Podsumowując ten wątek rozważań należy wyrazić przekonanie, że w świetle przepisów polskiego Kodeksu postępowania karnego regułą jest, iż w wypadku przejęcia do wykonania orzeczeń sądów państw obcych skazujących na karę izolacyjną (przejęcie skazanych, skazań, kar), sąd polski przeprowadza pełną procedurę dostosowawczą i zgodnie z art. 611c § 2 k.p.k. stosuje odpowiednio przepis art. 114 § 4 k.k., co oznacza nakaz uwzględnienia różnic między uregulowaniami obu współpracujących państw na korzyść skazanego.

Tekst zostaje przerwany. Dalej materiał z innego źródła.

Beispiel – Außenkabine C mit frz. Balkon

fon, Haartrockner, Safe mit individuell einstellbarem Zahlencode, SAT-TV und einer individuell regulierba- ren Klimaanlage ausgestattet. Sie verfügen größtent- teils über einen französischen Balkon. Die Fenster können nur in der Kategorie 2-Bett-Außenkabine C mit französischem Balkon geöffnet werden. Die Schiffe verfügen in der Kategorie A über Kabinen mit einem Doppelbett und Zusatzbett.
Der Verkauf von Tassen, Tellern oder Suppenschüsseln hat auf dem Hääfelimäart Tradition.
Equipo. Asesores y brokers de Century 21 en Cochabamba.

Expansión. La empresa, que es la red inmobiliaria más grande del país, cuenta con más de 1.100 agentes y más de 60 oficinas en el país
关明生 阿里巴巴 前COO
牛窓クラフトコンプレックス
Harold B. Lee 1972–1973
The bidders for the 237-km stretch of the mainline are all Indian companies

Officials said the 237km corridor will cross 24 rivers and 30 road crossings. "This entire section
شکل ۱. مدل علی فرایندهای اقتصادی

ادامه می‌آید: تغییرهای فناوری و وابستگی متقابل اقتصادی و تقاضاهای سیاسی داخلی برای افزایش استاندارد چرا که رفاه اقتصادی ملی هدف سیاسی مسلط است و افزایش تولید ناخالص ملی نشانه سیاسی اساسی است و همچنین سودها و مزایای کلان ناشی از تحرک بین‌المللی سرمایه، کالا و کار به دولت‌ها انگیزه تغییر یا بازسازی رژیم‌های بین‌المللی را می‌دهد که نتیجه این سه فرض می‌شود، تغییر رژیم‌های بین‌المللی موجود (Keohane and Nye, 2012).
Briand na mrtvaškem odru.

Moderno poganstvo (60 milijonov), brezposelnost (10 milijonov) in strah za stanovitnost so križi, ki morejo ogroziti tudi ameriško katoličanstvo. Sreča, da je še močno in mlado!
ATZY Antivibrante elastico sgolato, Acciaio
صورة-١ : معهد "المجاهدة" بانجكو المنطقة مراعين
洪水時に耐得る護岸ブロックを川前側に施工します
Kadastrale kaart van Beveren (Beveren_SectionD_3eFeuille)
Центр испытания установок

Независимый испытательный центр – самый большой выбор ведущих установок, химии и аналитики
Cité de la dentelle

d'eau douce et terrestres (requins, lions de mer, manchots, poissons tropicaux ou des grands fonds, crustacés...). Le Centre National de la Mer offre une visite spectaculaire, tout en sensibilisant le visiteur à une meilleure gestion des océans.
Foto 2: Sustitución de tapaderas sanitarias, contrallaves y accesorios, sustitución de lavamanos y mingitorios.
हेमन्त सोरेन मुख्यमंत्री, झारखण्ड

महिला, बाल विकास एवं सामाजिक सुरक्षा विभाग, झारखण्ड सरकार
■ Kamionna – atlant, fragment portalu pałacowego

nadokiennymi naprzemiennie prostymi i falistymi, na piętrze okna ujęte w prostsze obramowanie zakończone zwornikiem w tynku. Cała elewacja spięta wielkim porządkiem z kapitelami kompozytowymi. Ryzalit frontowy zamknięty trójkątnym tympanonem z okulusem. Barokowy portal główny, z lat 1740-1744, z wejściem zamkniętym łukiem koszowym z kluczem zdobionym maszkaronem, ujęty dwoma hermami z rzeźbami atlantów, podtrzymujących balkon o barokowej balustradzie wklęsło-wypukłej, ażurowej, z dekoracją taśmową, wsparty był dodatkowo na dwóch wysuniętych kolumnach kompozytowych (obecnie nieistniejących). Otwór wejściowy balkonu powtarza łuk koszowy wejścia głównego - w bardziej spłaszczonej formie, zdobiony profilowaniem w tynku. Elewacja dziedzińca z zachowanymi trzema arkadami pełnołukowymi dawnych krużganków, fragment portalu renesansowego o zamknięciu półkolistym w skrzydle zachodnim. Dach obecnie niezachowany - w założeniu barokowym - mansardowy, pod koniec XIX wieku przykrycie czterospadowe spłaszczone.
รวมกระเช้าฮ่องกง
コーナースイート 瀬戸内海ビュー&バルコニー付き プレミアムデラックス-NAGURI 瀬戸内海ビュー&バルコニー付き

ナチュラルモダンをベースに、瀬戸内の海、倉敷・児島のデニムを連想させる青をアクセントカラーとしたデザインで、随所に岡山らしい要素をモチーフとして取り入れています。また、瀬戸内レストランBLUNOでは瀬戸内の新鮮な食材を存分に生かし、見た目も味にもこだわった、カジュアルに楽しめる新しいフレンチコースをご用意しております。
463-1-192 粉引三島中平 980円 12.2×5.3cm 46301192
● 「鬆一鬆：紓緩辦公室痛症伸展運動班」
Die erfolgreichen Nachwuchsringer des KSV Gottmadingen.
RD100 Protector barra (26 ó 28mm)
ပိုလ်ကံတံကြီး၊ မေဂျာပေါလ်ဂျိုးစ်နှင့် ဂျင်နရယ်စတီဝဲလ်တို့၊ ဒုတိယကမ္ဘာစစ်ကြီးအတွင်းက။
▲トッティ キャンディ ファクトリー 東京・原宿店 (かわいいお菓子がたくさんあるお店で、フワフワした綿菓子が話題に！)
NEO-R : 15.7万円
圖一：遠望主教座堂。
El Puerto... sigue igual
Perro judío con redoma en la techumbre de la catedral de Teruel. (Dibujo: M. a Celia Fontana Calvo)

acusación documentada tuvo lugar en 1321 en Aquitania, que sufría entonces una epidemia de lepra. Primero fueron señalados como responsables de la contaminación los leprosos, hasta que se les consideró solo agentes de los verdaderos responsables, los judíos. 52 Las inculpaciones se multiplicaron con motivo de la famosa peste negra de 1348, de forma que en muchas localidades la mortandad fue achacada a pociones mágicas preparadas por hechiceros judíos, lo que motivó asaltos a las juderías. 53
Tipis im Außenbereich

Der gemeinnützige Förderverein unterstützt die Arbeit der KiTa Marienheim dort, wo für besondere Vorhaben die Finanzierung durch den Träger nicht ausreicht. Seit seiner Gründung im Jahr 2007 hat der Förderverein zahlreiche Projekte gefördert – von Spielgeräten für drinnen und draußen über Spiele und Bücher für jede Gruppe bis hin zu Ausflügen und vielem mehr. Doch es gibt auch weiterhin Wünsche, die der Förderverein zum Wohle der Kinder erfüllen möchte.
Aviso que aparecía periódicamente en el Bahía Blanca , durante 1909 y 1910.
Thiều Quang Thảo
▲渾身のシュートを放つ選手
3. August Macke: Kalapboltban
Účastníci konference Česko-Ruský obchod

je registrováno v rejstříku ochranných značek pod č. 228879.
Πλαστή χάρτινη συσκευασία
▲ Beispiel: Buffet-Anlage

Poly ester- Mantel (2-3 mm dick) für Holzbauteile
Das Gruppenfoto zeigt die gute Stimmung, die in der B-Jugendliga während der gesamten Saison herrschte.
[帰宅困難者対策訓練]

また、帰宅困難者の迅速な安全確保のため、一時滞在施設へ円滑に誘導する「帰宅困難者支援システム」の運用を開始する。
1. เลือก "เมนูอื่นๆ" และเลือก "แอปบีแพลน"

To rozwiązanie występuje m.in. w art. 9 – 11 Konwencji Strasburskiej, która upoważnia do przyjęcia takich rozwiązań, w ramach których kara wykonywana w państwie wykonania w dalszym ciągu, względnie przekształcana przez sąd państwa wykonania, może być zredukowana do najwyższego zagrożenia przewidzianego w tym państwie, o ile orzeczono ją w państwie skazania w wyższym wymiarze. Należy natomiast podkreślić, że przepisy art. 607s § 4 i art. 607t § 2 k.p.k., które stosowane są wyłącznie w sytuacjach procesowych w nich przewidzianych, a dotyczących funkcjonowania europejskiego nakazu aresztowania, mają charakter leges speciales wobec powyższych uregulowań. Wyjątkowość unormowania przewidzianego w tych przepisach sprowadza się do tego, że procedura exequatur ograniczona jest jedynie do określenia kwalifikacji prawnej czynów według prawa polskiego a sąd jest związany wymiarem orzeczonej kary.
3. Także powyższą konkluzją można byłoby zakończyć proces wykładni ustawy, gdyby nie dodatkowe uwikłanie interpretacyjne wynikające z faktu uregulowania procedury exequatur przepisami traktatów międzynarodowych i obowiązujących w prawie polskim reguł kolizyjnych.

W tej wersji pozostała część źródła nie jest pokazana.